Izba Dyscyplinarna Sądu Najwyższego odroczyła bez terminu posiedzenie w sprawie wniosku prokuratorów IPN o uchylenie immunitetu prezesowi Izby Pracy i Ubezpieczeń Społecznych Sądu Najwyższego Józefowi Iwulskiemu.
- W związku ze złożonymi wnioskami sprawa została odroczona na razie bezterminowo
- poinformował dziennikarzy rzecznik prasowy Izby Dyscyplinarnej Piotr Falkowski. Dodał, że chodzi m.in. o kwestię wniosku o wyłączenie jednego z sędziów Izby Dyscyplinarnej zajmujących się tą sprawą.
Jak dodał Falkowski, wniosek dotyczy sędziego Adama Tomczyńskiego.
- Obrońcy sygnalizowali istnienie wypowiedzi publicznych sędziego Tomczyńskiego dotyczących sędziego Iwulskiego. Sam sędzia Tomczyński wcześniej zdawał sobie z tego sprawę i zwrócił się o to, by wyłączyć go ze składu, ale wtedy składając ten wniosek nie skonkretyzował materiałów prasowych, gdzie miałyby być te wypowiedzi i z tego względu wniosek został rozpoznany wówczas negatywnie, i sędzia nie został wyłączony
- przekazał. Jak dodał "jak będzie teraz - to się okaże".
Jak poinformowała z kolei pełnomocnik Iwulskiego mec. Agnieszka Helsztyńska, powodem odroczenia rozprawy jest potrzeba rozpatrzenia licznych wniosków formalnych obrońców.
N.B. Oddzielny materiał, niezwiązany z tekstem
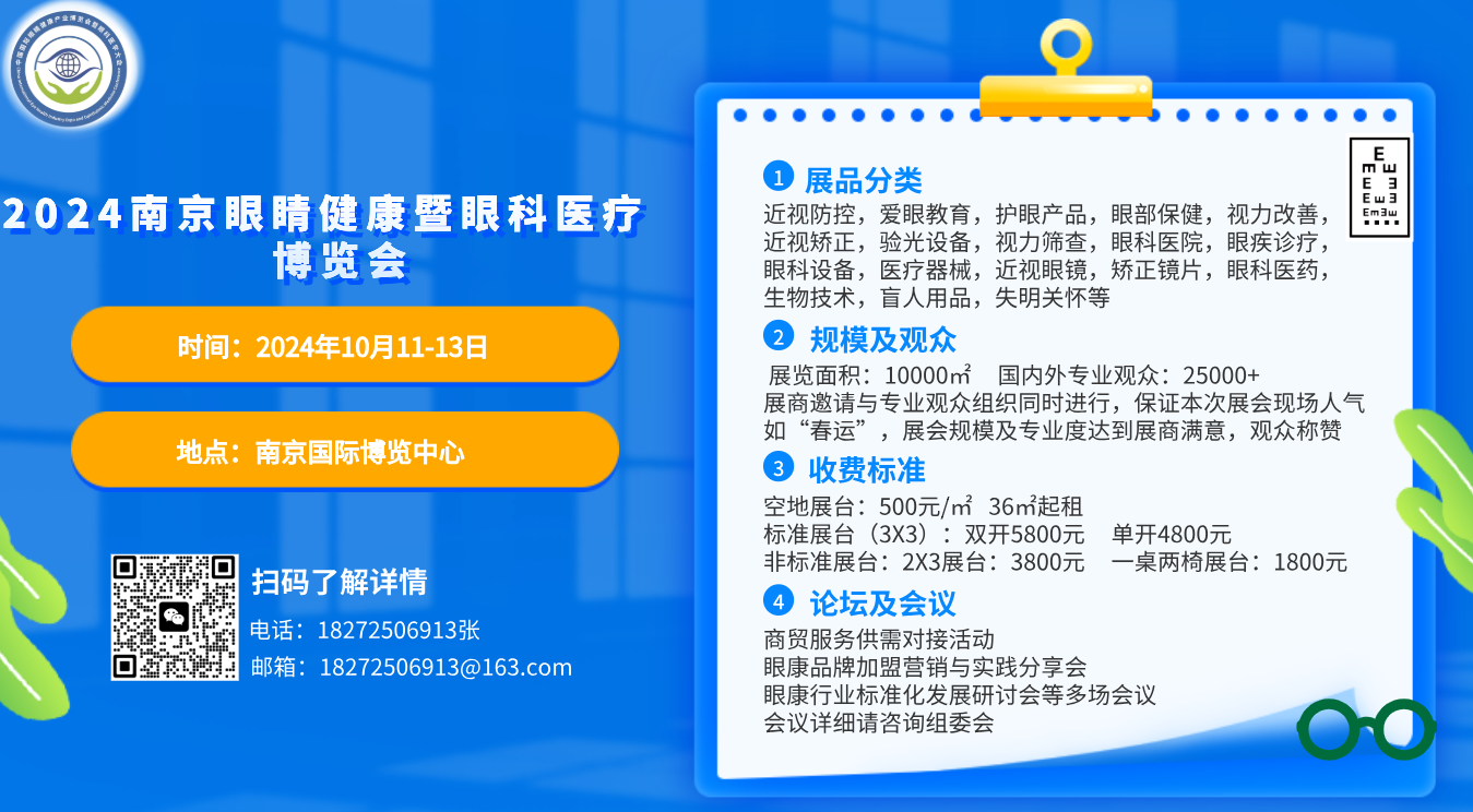 2024全国眼睛健康产业博览会暨眼科医学大会 National Eye Health Industry Expo and Ophthalmic Medicine Conference 2024年10月11-13日 南京国际博览中心

- Wnioskiem, który przeważył o odroczeniu, był wniosek o wyłączenie jednego sędziów członków składu (...) Jest też szereg innych wniosków złożonych. Częściowo zostały rozstrzygnięte, częściowo pozostają w zawieszeniu. Jednym z nich jest prośba obrony o dostęp do oryginałów akt sprawy
- poinformowała adwokat.
Izba Dyscyplinarna Sądu Najwyższego zajmowała się wnioskiem IPN dziś od godz. 11. Sprawę rozpatruje skład sędziowski, w którym są: Małgorzata Bednarek, Adam Tomczyński i Jarosław Duś. Z kolei pełnomocnikami sędziego Iwulskiego w tej sprawie są: sędzia SN Włodzimierz Wróbel, adwokat Agnieszka Helsztyńska i adwokat Sylwia Gregorczyk-Abram.
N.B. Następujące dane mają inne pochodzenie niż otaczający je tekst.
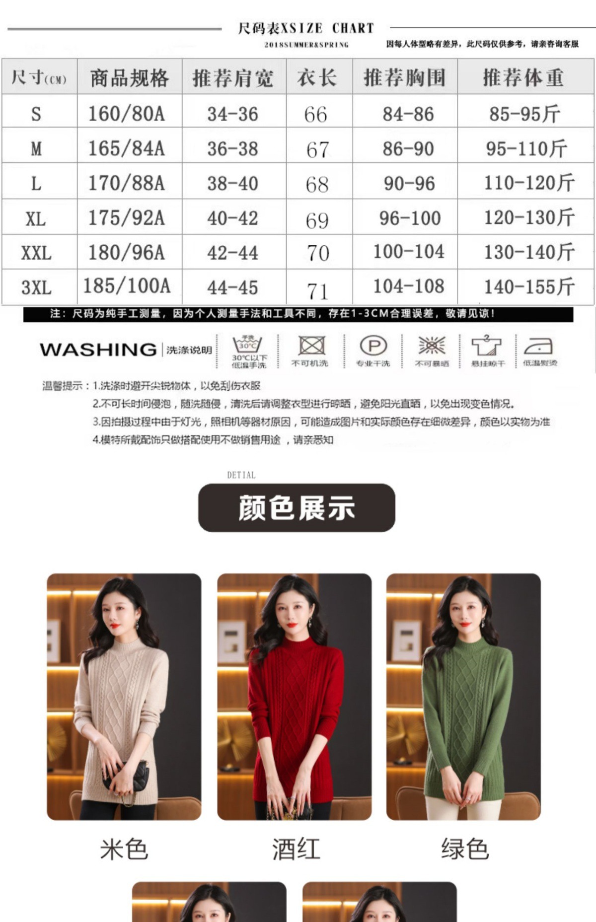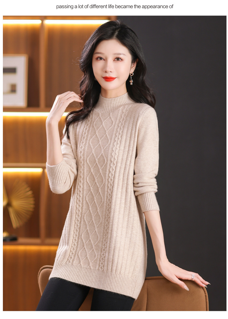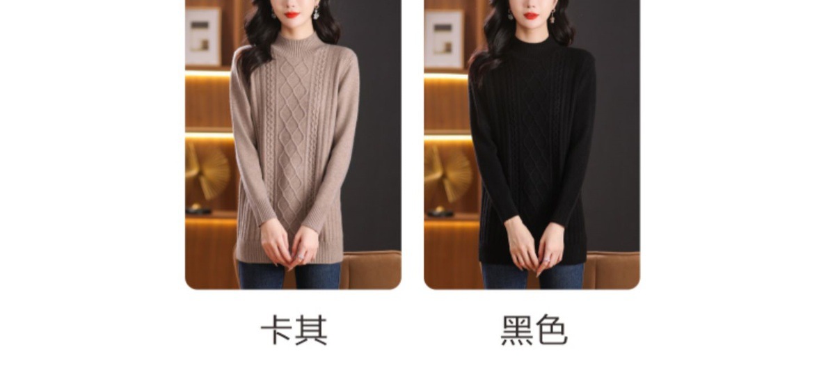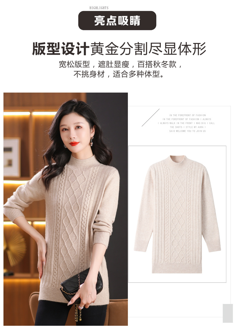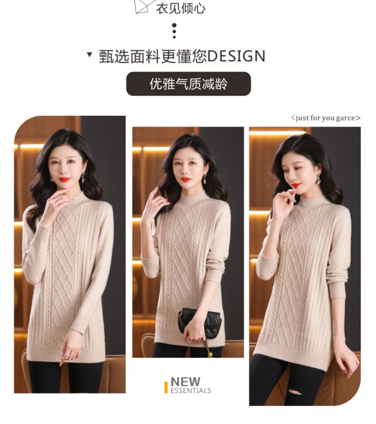 CC-101-31739中长款厚款毛衣女2024秋冬新款半高领羊毛针织内搭毛衣裙女

- To jest precedensowa sprawa, ze względu na to że po raz pierwszy Sąd Najwyższy zajmuje się wnioskiem w przedmiocie zezwolenia na pociągnięcie do odpowiedzialności karnej czynnego sędziego Sądu Najwyższego (...). Prawomocne uchylenie immunitetu zakończy się tym, że prokurator IPN będzie mógł przedstawić zarzuty panu sędziemu
- powiedział jeszcze przed rozpoczęciem rozprawy Piotr Falkowski.
O zgodę na pociągnięcie sędziego Iwulskiego do odpowiedzialności karnej, wystąpiła w grudniu ub.r. do SN Oddziałowa Komisja Ścigania Zbrodni przeciwko Narodowi Polskiemu w Krakowie. Z ustaleń śledczych IPN wynika, że w 1982 r. Iwulski zasiadał w składzie Sądu Warszawskiego Okręgu Wojskowego, który skazał robotnika z Oświęcimia Leszka W. na trzy lata więzienia za roznoszenie "antypaństwowych" ulotek przedstawiających kontury Polski okolone kolczastym drutem.
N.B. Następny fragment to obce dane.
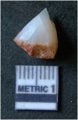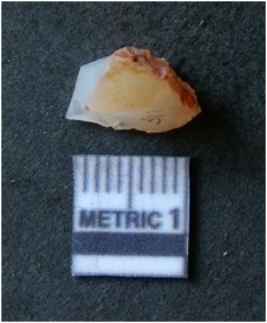 | Description / विवरण | It is chalcedony flake, translucent in appearance. The piece shows sharp pointed ends and flake scars on the surface as a result of flaking. The piece shows a bulb of percussion. |

- Uznał, że Leszek W. jest winny publicznego wyszydzania Polskiej Rzeczpospolitej Ludowej, a kolportując ulotki, nawołuje do zamieszek i strajków. Sąd wydał skazujący wyrok, mimo że nawet w myśl obowiązujących wówczas przepisów kodeksu karnego i dekretu o stanie wojennym działania oskarżonego nie stanowiły przestępstwa
- podkreśliła Główna Komisja Ścigania Zbrodni przeciwko Narodowi Polskiemu, dodając, że tę konstatację potwierdził też Sąd Najwyższy.
W maju 1992 r. Sąd Najwyższy po rozpatrzeniu rewizji nadzwyczajnej uniewinnił opozycjonistę.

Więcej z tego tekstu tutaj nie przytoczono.